Виктория отхлебнула из бокала. Потрогала серебристые края зеленых шортиков.
- Я сейчас, наверное, вылитое чучело. Но дома я всегда хожу в удобной одежде. Не могу больше в этой юбке. Люблю, когда комфортно.
Она побарабанила пятками по матрасу и спросила.
- Ваша жена и дети тоже пришли?
- Я как раз их искал.
- А я думала, вы искали туалет, - Виктория, прищурив глаз, обличительно ткнула в него нетвердым пальцем.
- Его тоже.
- Хм.
Она снова повернулась, как на шарнирах, и плюхнулась на живот: ноги уперлись в спинку кровати, а голова очутилась недалеко от его колен. Рискованно поставив бокал на покрывало, девушка положила подбородок на руки. Изучающее всмотрелась Говарду в лицо и вдруг мягко улыбнулась, словно увидела нечто забавное. Говард следил за ее взглядом разбегающимися глазами, пытаясь их сфокусировать.

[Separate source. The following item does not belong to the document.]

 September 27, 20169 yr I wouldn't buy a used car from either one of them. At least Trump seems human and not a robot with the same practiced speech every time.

- Моя мать тоже умерла, - начал он, сбившись с намеченной интонации. - Поэтому я вас хорошо понимаю. Я тогда был моложе вас. Намного моложе.
- В этом, видимо, все и дело, - ответила она. Ее улыбка слиняла, уступив место задумчивой хмурости. - Почему бы не сказать просто: «Классный помидорчик!»?

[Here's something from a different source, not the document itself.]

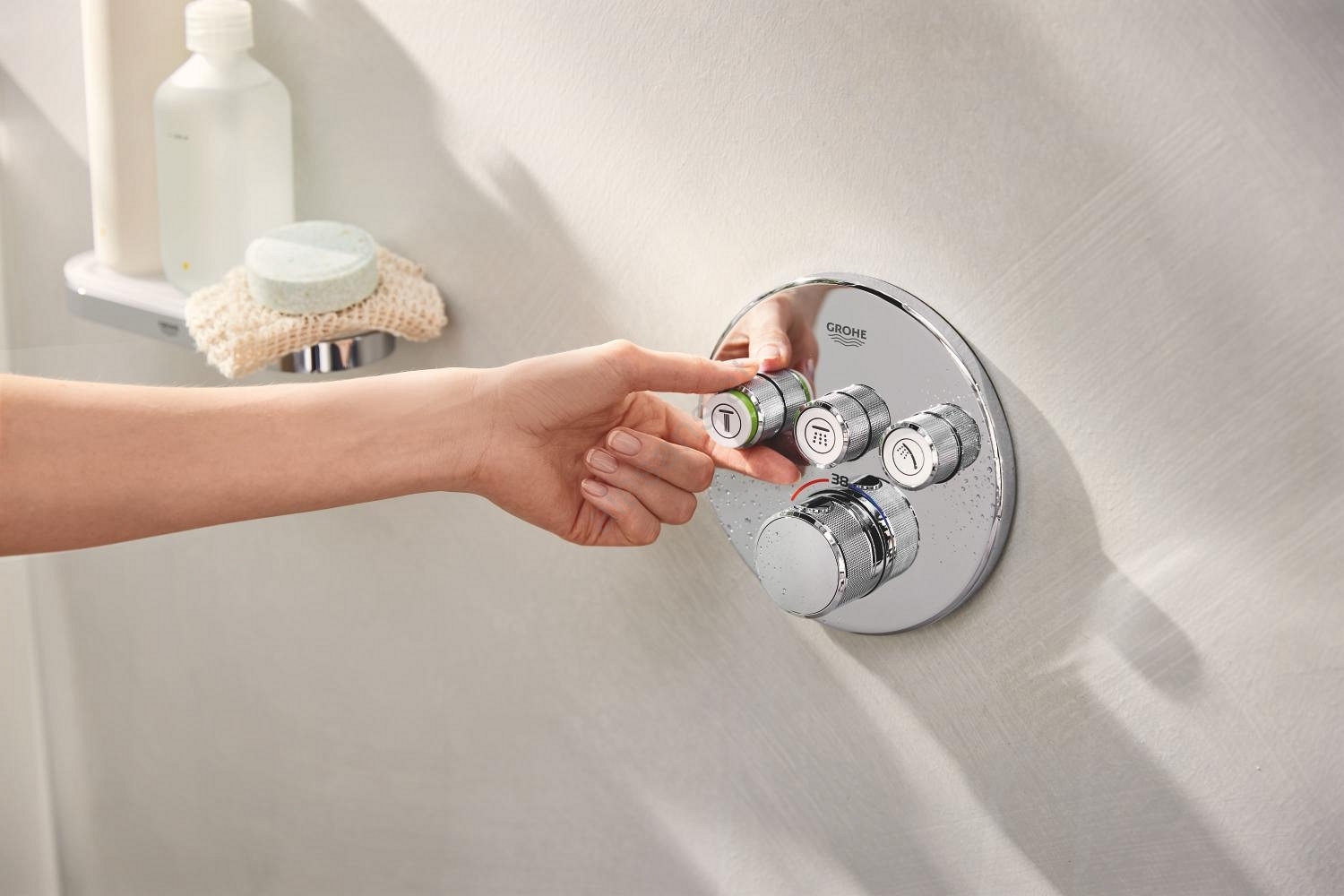 • GROHE SmartControl Bedienung: Drücken zum Ein-/Ausschalten, Drehen zur Einstellung der Durchflussmenge vom sparsamen Modus bis zum Volldurchfluss.

Говард сдвинул брови. Что еще за игра? Он достал кисет с табаком.
- Классный - помидорчик, - раздельно произнес он и вынул из мешочка «Ризлу»[84]. - Вы позволите?
- Курите. Вам неинтересно узнать, что это означает?

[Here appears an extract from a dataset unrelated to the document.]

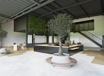 La conception 3D a également permis de travailler les ambiances et les matières, notamment l’utilisation d’un carrelage à effet béton et à effet parquet, ainsi que la mise en valeur du caractère métallique du bâtiment et la conservation des poutres intérieures apparentes. Chaque choix a été validé en amont, assurant une parfaite cohérence entre le projet conçu et le chantier en cours.

- Не очень. У меня голова другим занята.
- Это такая фишка у студентов Веллингтона, - зачастила Виктория, приподнимаясь на локтях. - Наш шифр. Например, про семинар профессора Симеона мы говорим «Помидорчики: природа против селекции», про семинар Джейн Коулман (до чего тупая сука!) - «Чтобы как следует узнать помидорчики, необходимо изучить незаслуженно принижаемую роль женщины в истории», про семинар профессора Гилмана - «Строение помидорчика идентично строению баклажана», семинар профессора Келласа называется «Невозможно доказать существование помидорчика безотносительно самого помидорчика», а семинар Эрскайна Джиджиди - «Съеденный Найполом помидорчик в постколониальном мире». И так далее. Спрашиваешь: «На какой семинар записался?» - а тебе в ответ: «Помидорчики 1670-1900». Или еще что-нибудь в таком духе.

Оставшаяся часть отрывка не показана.